To Ship or not to Ship?

While this adventure has several places where it mentions the reputation rules and what can add to the different types of reputation, a potential ship battle, and a reference to the navigation rules, for the most part it isn’t heavily engaging with the optional rules introduced for the campaign. This one would be an easy adventure to run if you only wanted to play things straight out of the DMG, or use the ship rules from Ghosts of Saltmarsh.

Final Thoughts

I am really enjoying this campaign and the adventures presented so far. There have been a few moments where I felt the DM may need to patch things if they don’t go exactly how the adventure assumes, but not many, and this adventure has fewer than the previous adventures. I like the range of NPCs and organizations to which the PCs are introduced.

The trickiest part of this adventure involves the double crosses. You don’t want your PCs to mistrust every NPC on a meta-level, even if their PCs are paranoid privateers. I think it will be important to make sure that the NPCs that aren’t spies with ulterior motives to be super above board when dealing with the PCs, and you may want to cut the potentially double-crossing ally from the later section of the adventure if the players react negatively to the first two plot points that revolve around spies and subterfuge.
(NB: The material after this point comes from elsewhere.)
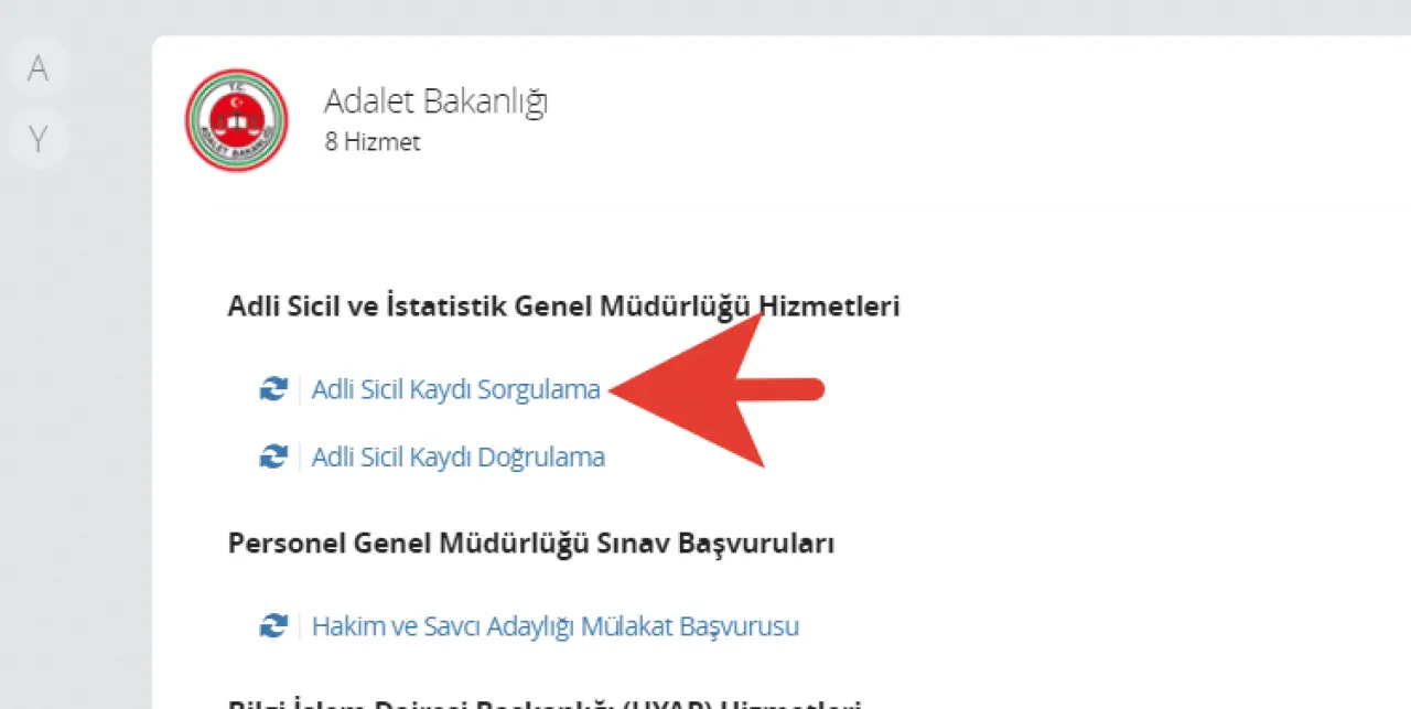 Arama sonuçları arasından "Sabıka Kaydı Sorgulama" veya "Adli Sicil Belgesi Sorgulama" hizmetini seçin.

That said, it is definitely an element of pirate fiction, so if handled well, it’s a great use of genre trope.

Future Wishes

Because of the adventure summaries at the beginning of the book, I know that we’re moving towards the PCs recruiting other pirate crews to oppose one of the two colonizing powers of the region, and allying with the other to make sure that the more aggressive nation doesn’t solidify its hold on the region.

I think this can work fine as a climax, I also think that with the strong streak of freedom and anti-tyrannical bent that NPCs have shown so far, it may be harder to get them on board with allying with one of the two colonizing nations, even for the greater good. I’m wondering if there is a way to play them off against one another without a full allegiance.

Because the reputation system includes an “evil” reputation, various sections include notes on what the PCs could do in order to gain points in that reputation, and honestly, it’s not doing much to convince me to adopt the system. For example, one way you can gain points towards an evil reputation is to murder everyone that lives on the disappearing island, which causes it to stop disappearing. I’m just going to say that if my players were entertaining that as an option, we would be having a content discussion right then and there, and I probably wouldn’t be running that game if it was important for them to have that option available to them.

I like the worst of my evil pirate options to be along the lines of Barbosa from Pirates of the Caribbean. WWBD?